Moments forts et souvenirs Alexis Georgacopoulos
1 → Le SaloneSatellite En 2001, l’ECAL participe pour la première fois au SaloneSatellite (dédié aux jeunes designers) au Salon du meuble de Milan. Dans le cadre d’un atelier dirigé par Christophe Marchand, Martino D’Esposito a dessiné trois tables antisismiques en acier rouge, des objets «manifestes». Pour faire une scénographie très minimale et mettre en valeur les tables, Pierre Keller et moi n’avions pas prévu de chaises. Pour tenir le stand, nous sommes donc restés debout durant les quatre jours de l’exposition. Cette année-là, on a reçu le prix du meilleur stand du SaloneSatellite.
2 → Swiss Design Now à Shanghai En 2003-2004, Pierre Keller est curateur de l’expo Swiss Design Now à Shanghai, Pékin, Guangzhou, Valence et Martigny. À Shanghai, elle est organisée dans un musée privé, un bâtiment magnifique mais avec un personnel peu qualifié pour ce genre d’événement. On a dû tout faire nous-mêmes. Comme on ne pouvait travailler que de 10h du soir à 6h du matin, on nous a enfermés dans le musée. Au moment de nettoyer les traces de colle de l’exposition on s’est aperçus qu’il n’y avait pas de produit. On l’a fait avec de la vodka trouvée dans le restaurant du musée. Et au matin, pour sortir, on a dû escalader des murs et des barrières. Comme quoi, on était prêts à tout pour le design! 3 → ECAL Photography En 2013, l’ECAL présente l’exposition «ECAL Photography» dans la galerie du célèbre couturier Azzedine Alaïa à Paris. Dans une scénographie spécialement créée par le designer Adrien Rovero, l’exposition propose une sélection de travaux réalisés par de jeunes talents lors de leur cursus en Bachelor Photographie à l’ECAL. La commissaire d’exposition Nathalie Herschdorfer a choisi les images en collaboration avec Milo Keller et moi-même. Intitulé «ECAL Photography», le livre édité pour l’événement est publié chez Hatje Cantz, éditeur reconnu pour son catalogue de publications sur la photo.

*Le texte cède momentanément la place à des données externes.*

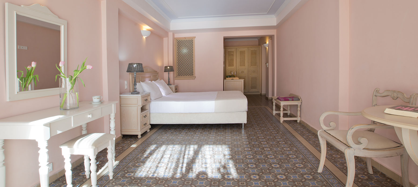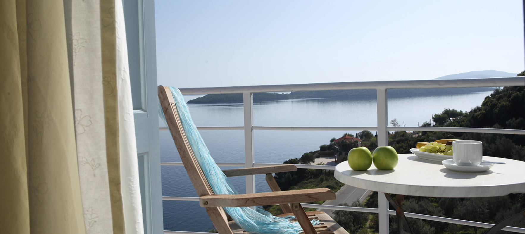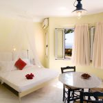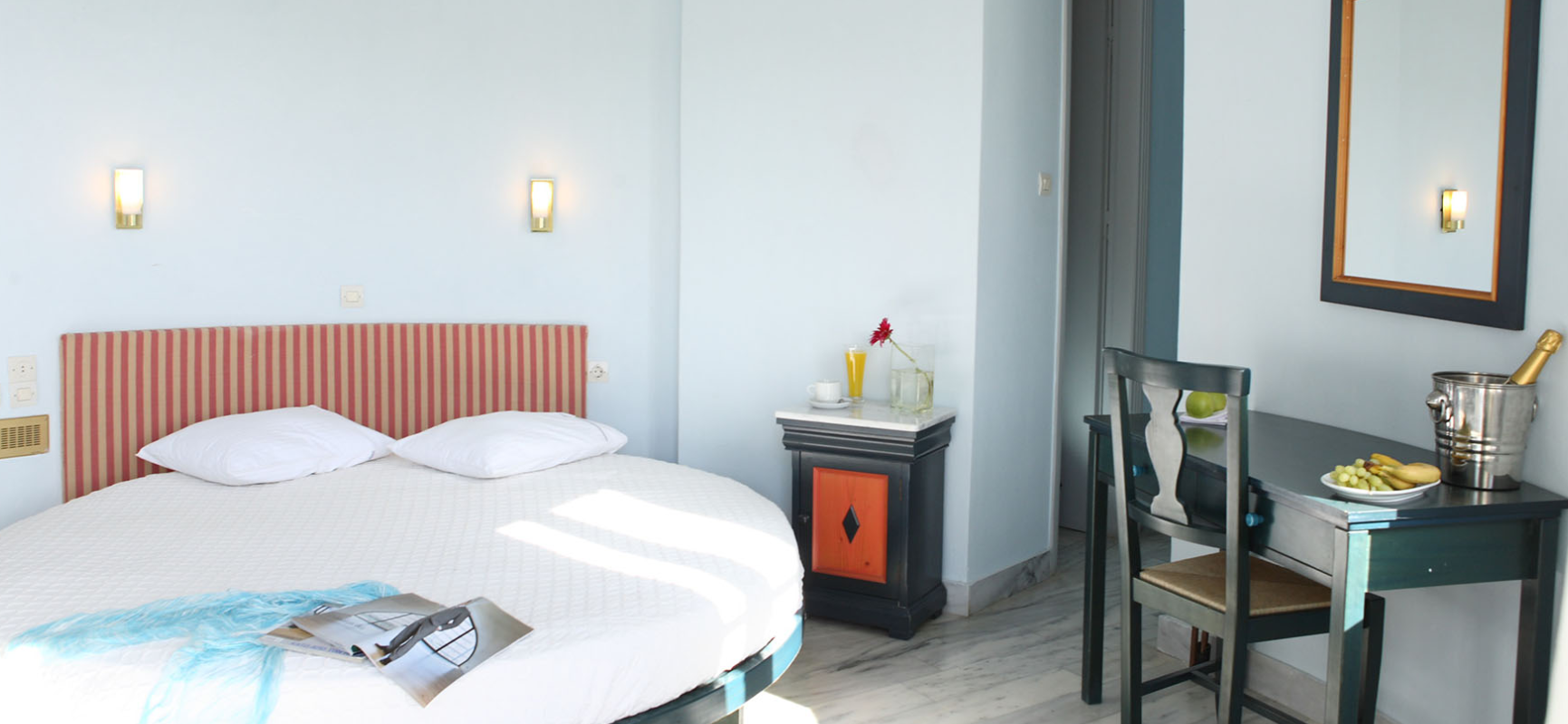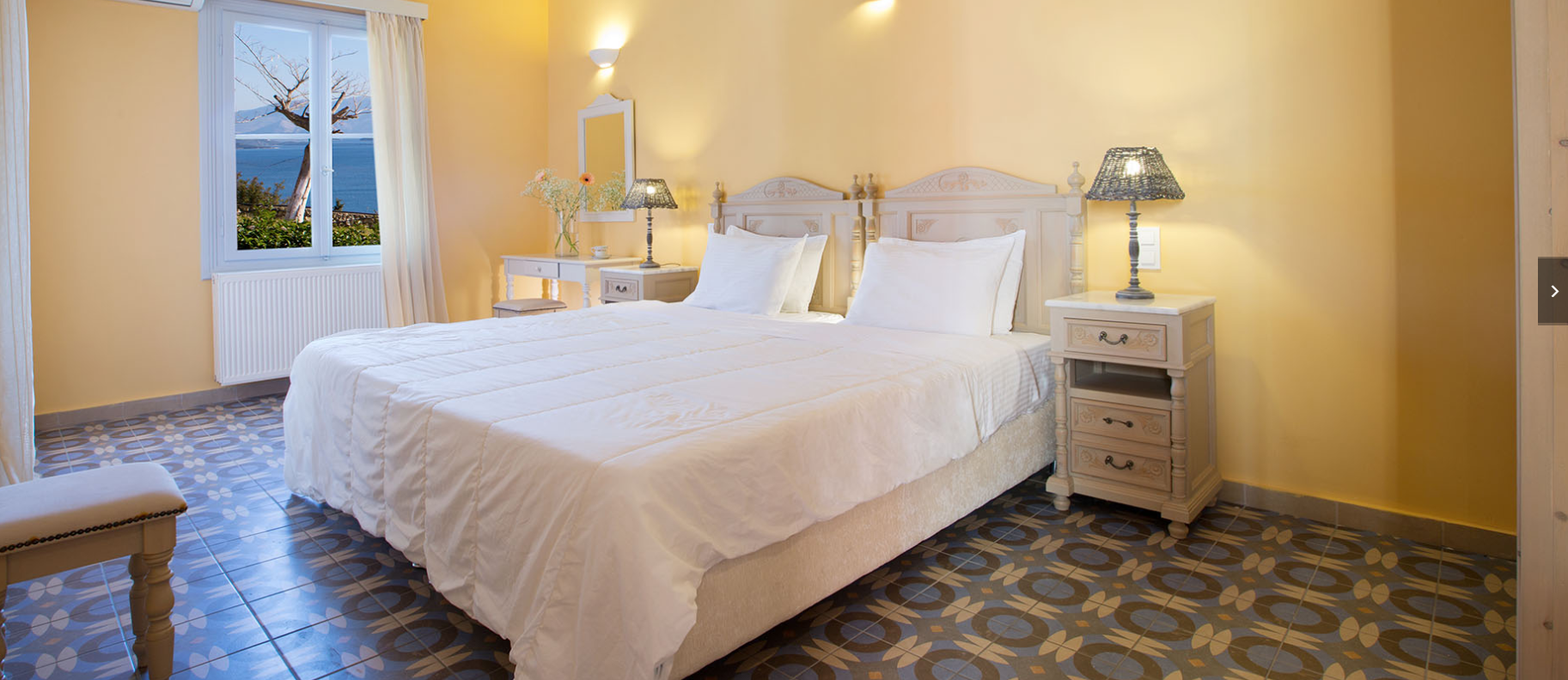 החדרים כוללים מיזוג אוויר, טלוויזיה בלוויין, כספת ומייבש שיער, ומרפסת המשקיפה לים היוני (Ionian Sea). חלק מיחידות האירוח כוללות גם אזור מגורים מרווח.
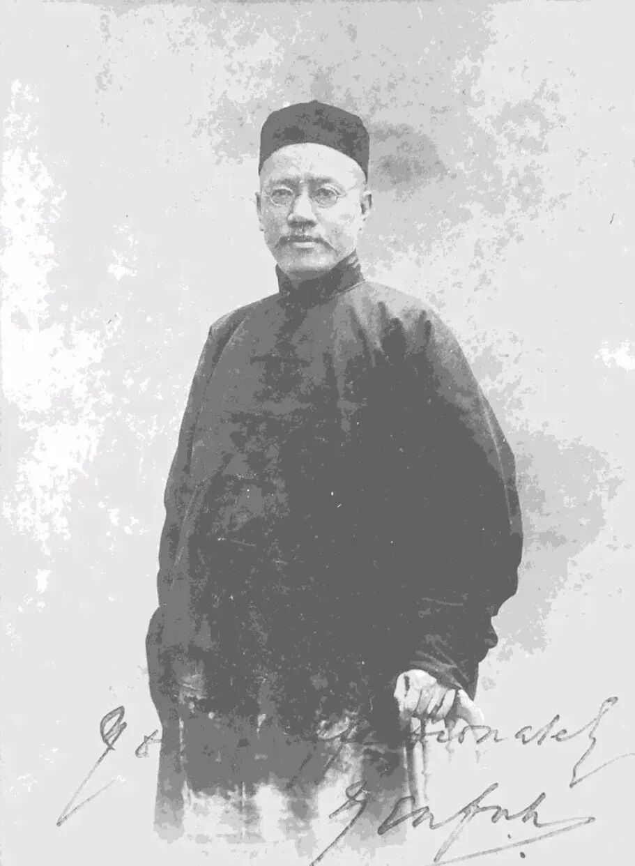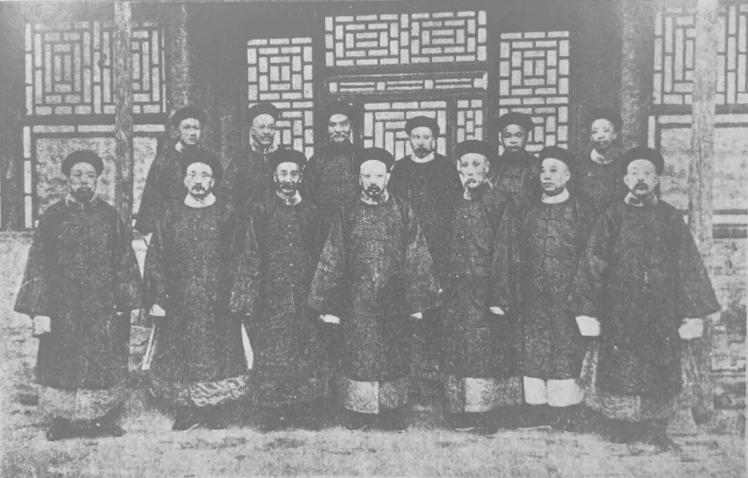 (同考官严复为后排左2,其他还有时任学部尚书的荣庆前排居中、考官唐绍仪居前排左2,同考官詹天佑居后排右2等人)

4 → Delirious Home Cette exposition a gagné le Milano Design Award 2014 pour la meilleure exposition présentée au Salon international du meuble de Milan. «Delirious Home» met en scène les travaux réalisés par les étudiants en Bachelor Design Industriel et en Media & Interaction Design de l’ECAL. Un projet transdiciplinaire dirigé par Alain Bellet et Chris Kabel. Cette série d’objets propose une interprétation ludique du concept de «maison intelligente». Plusieurs projets ont ensuite été acquis par le Victoria & Albert Museum à Londres pour sa collection permanente, une marque de reconnaissance absolue! 5 → Retour à l’Espace Arlaud De septembre à novembre 2021, le temps d’une exposition unique, l’ECAL revient à l’Espace Arlaud. Depuis ses débuts et pendant plus d’un siècle, c’est là que l’ECAL fut hébergée. Quel meilleur endroit trouver pour démarrer les célébrations de son bicentenaire? L’exposition présente des projets de diplômes Bachelor et Master 2021. Une occasion unique de découvrir les talents de demain par le biais de réalisations en arts visuels, cinéma, design industriel, graphisme, media & interaction design, photographie et typographie. En parallèle, un programme d’activités variées a été proposé, telles que des visites guidées, des performances, des workshops, etc.